Is Wichita State University basketball the key to prosperity?
Carbondale, Evansville and Cedar Falls vs. Houston, Orlando and Philadelphia.
Feel a difference?
The move from the Missouri Valley Conference to the American Athletic Conference will drive Wichita State University’s enrollment and research higher, and, ultimately, lift the Wichita economy.
Or, so says WSU President John Bardo, who led the move, which officially goes into place July 1.
Contrary to what most people think, Bardo said, the switch in conferences is more about university advancement than sports. It’s about associating with larger, more metropolitan, more research-focused institutions, even if the association is technically only through sports.
The AAC includes: the University of Connecticut, near Hartford; the University of Cincinnati; the University of Central Florida in Orlando; East Carolina University, in Greenville, N.C.; the University of Houston; University of Memphis; U.S. Naval Academy, in Annapolis, Md., near Washington, D.C.; University of South Florida in Tampa; Southern Methodist University in Dallas; Temple University in Philadelphia; University of Tulsa; and Tulane University in New Orleans.
With the exception of East Carolina and Tulsa, they are all in metro areas of more than 1 million people, and Tulsa has almost reached that milestone. All are ranked as strong or very strong research universities.
That’s a contrast with the Missouri Valley. With the exception of Loyola of Chicago, the home cities are smaller than Wichita. Only a few have a strong research mission.
There’s still plenty of skepticism out there. After all, WSU still draws students largely from Kansas, not Florida or Texas. Faculty members will still have to generate their own research opportunities.
But Bardo sees this as just one piece of an overall effort to supercharge the university’s growth and its economic development efforts, along with developing the Innovation Campus, merging with Wichita Area Technical College, increasing enrollment and boosting the numbers of students living on campus.
“We will be better off in five years than we were because we will have a national direction and a leadership that wants things to happen,” Bardo said.
Bardo’s vision
Bardo sees the new conference largely as a rebranding exercise.
Associating with the AAC schools puts WSU in more prestigious company, both the universities and their cities, and that translates into a higher profile in the minds of more high school seniors across a much larger part of the country, he said.
“Yes, it’s a sports move and, yes, it will have impact,” Bardo said.
“But I see it much more as a recognition of what the institution is. To me that was much more important than having more competitive basketball.”
The university’s enrollment has fallen about 10 percent over the last five years, to 17,100. But recent efforts to boost incoming high-schoolers – including from out of state – are starting to pay off, Bardo said.
WSU has already benefited from increased name recognition, he said. Last fall, WSU had the biggest incoming high school class in history.
The next step, he said, is for the university to figure out how to keep them here. Right now, 25 to 30 percent of incoming freshmen disappear before their sophomore year.

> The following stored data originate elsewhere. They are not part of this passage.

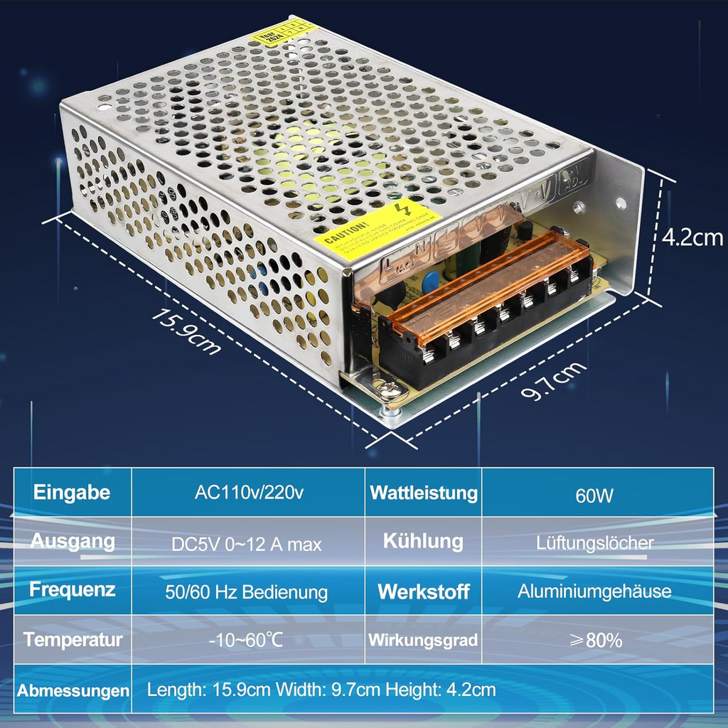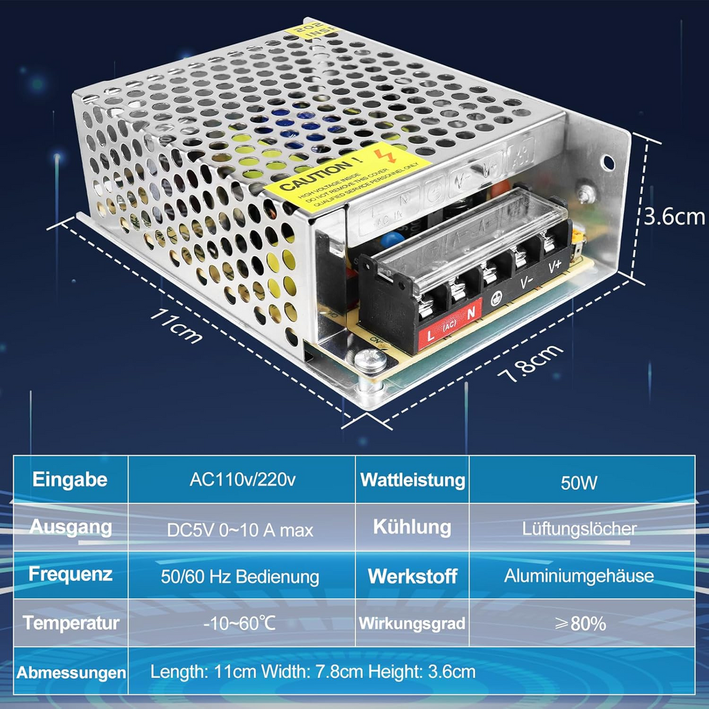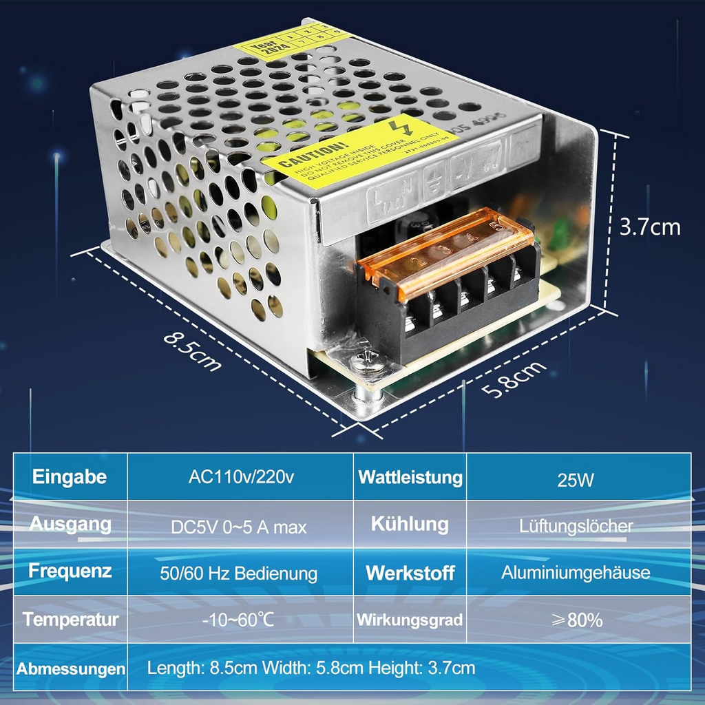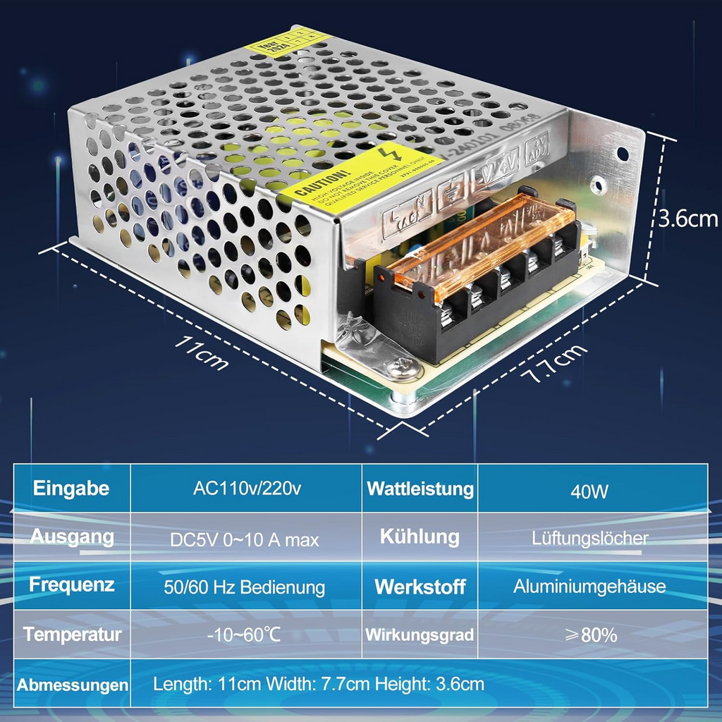 - Output Voltage / Wattage: 5V DC, 10W–300W
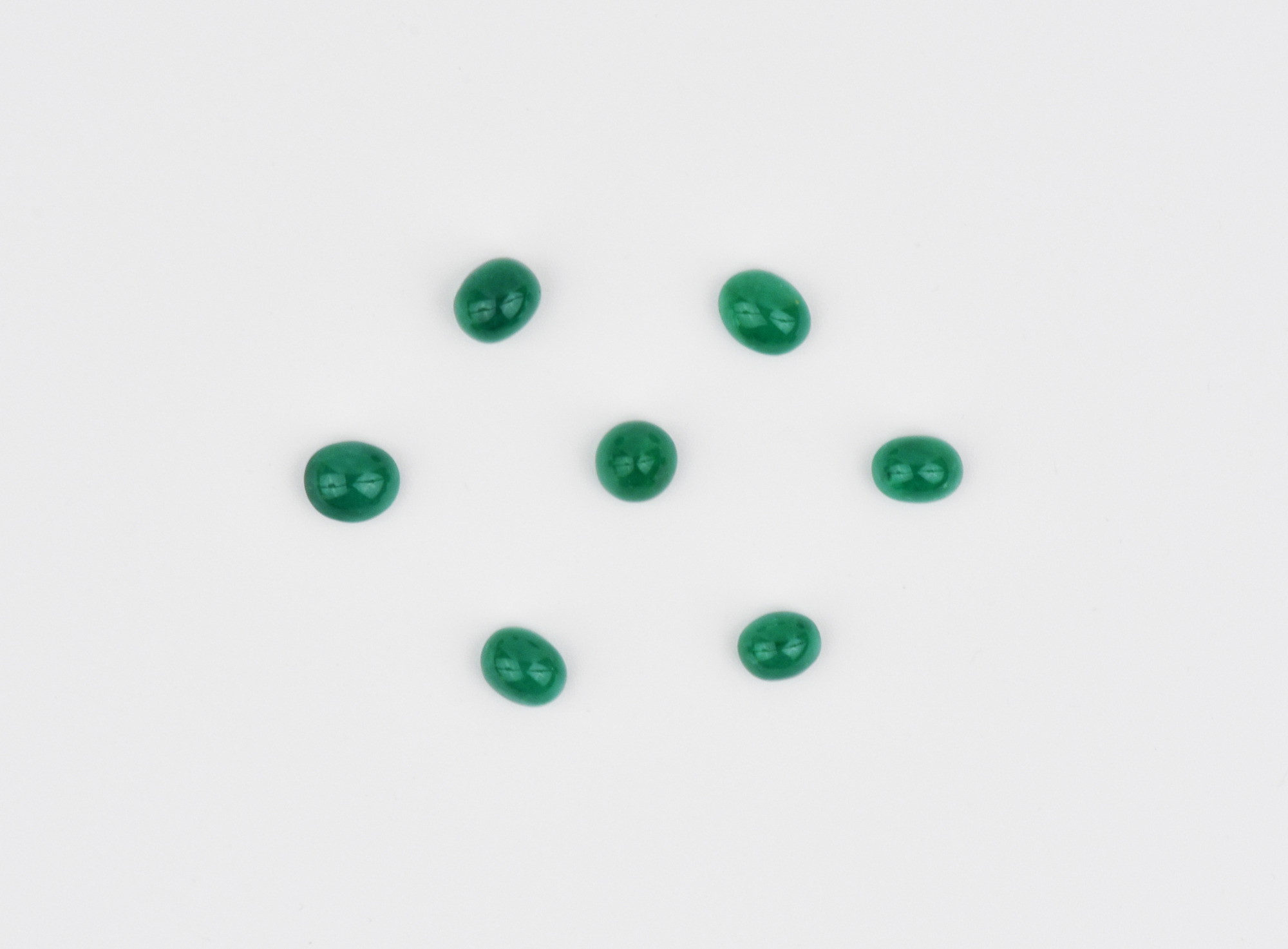 LOTTO DI SETTE SMERALDI smeraldi sintetici taglio cabochon ovale per ct 7.00...
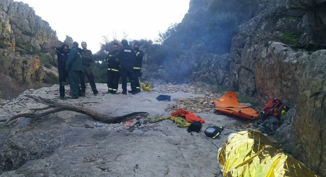El equipo de rescate que ha permanecido junto al ciclista durante toda la noche: agentes medioambientales, médicos, técnicos sanitarios y Guardia Civil acompañandolo y esperando a la llegada del día para proceder a la extracción. Las temperaturas han respetado y encendieron un fuego para poder calentarse como puede verse en el video que han publicado los Agentes Medioambientales en su cuenta de Twitter:
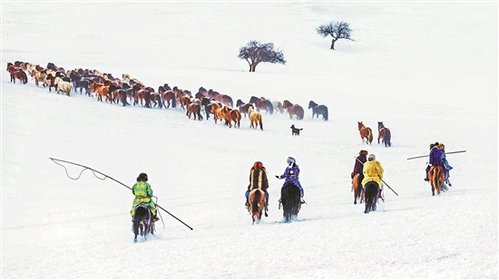 近日,內(nèi)蒙古自治區(qū)赤峰市克什克騰旗烏蘭布統(tǒng)蘇木小紅山子嘎查舉行“冬季冰雪攝影節(jié)”,吸引了大批游客和攝影愛好者。表演結(jié)束,人們走上回家的路。
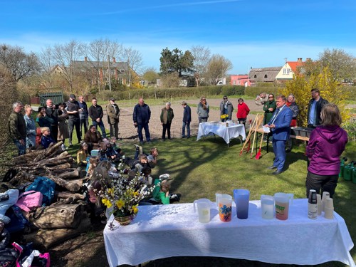 River, vandkander og frøposer var klar den 20. april 2022. Ligesom der var saftevand og et stykke dejlig kage til de små travle gartnere.
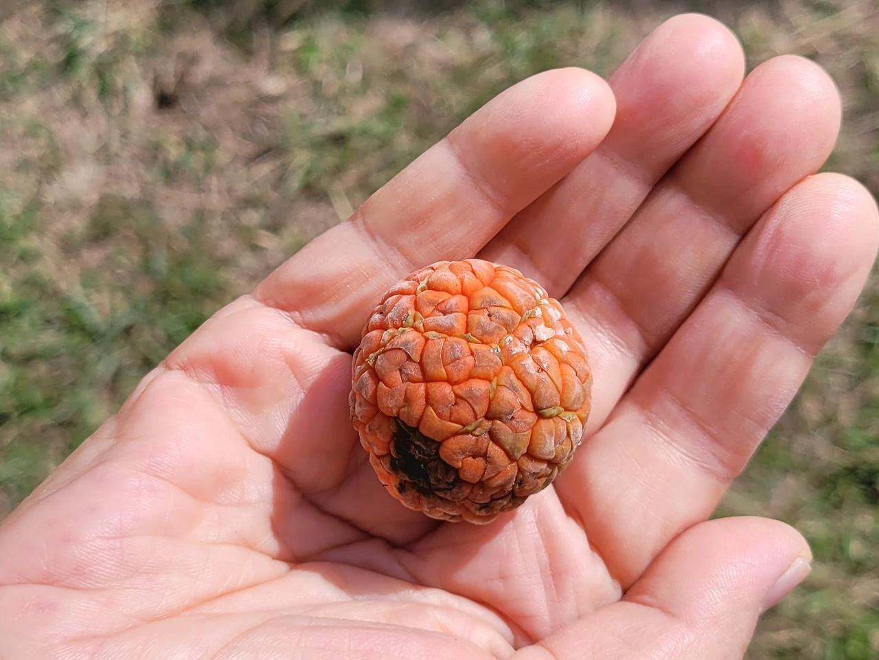 "꾸지뽕나무네요. 이게 열매고요. 가지에 가시가 있습니다. 뽕나무를 닮았지만 뽕나무가 아닌데도 '굳이 뽕나무'를 하겠다고 우겨서 '꾸지뽕나무'가 되었다는 이야기가 있습니다."
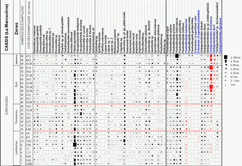Figure 3 : Répartition des Foraminifères dans la coupe de la carrière de La Marcouline (Cassis, SE France).

The AAC affiliation will further boost the number of incoming freshmen, Bardo said, by bringing in more out-of-state students because of increased name recognition — especially in the big AAC cities — and creating a positive association with the name. That’s old hat in advertising, and a successful sports team is great advertising, he said.
“This is a background impact,” he said. “It’s on the sports blogs, it’s on social media, it’s in their newspapers, it’s on their television, it’s on their Facebook pages, it’s around. So that you are now part of the conversation.”
Research
Bardo also maintains that the move will lead to higher levels of research, which could spin off technologies and, ultimately, jobs and investment.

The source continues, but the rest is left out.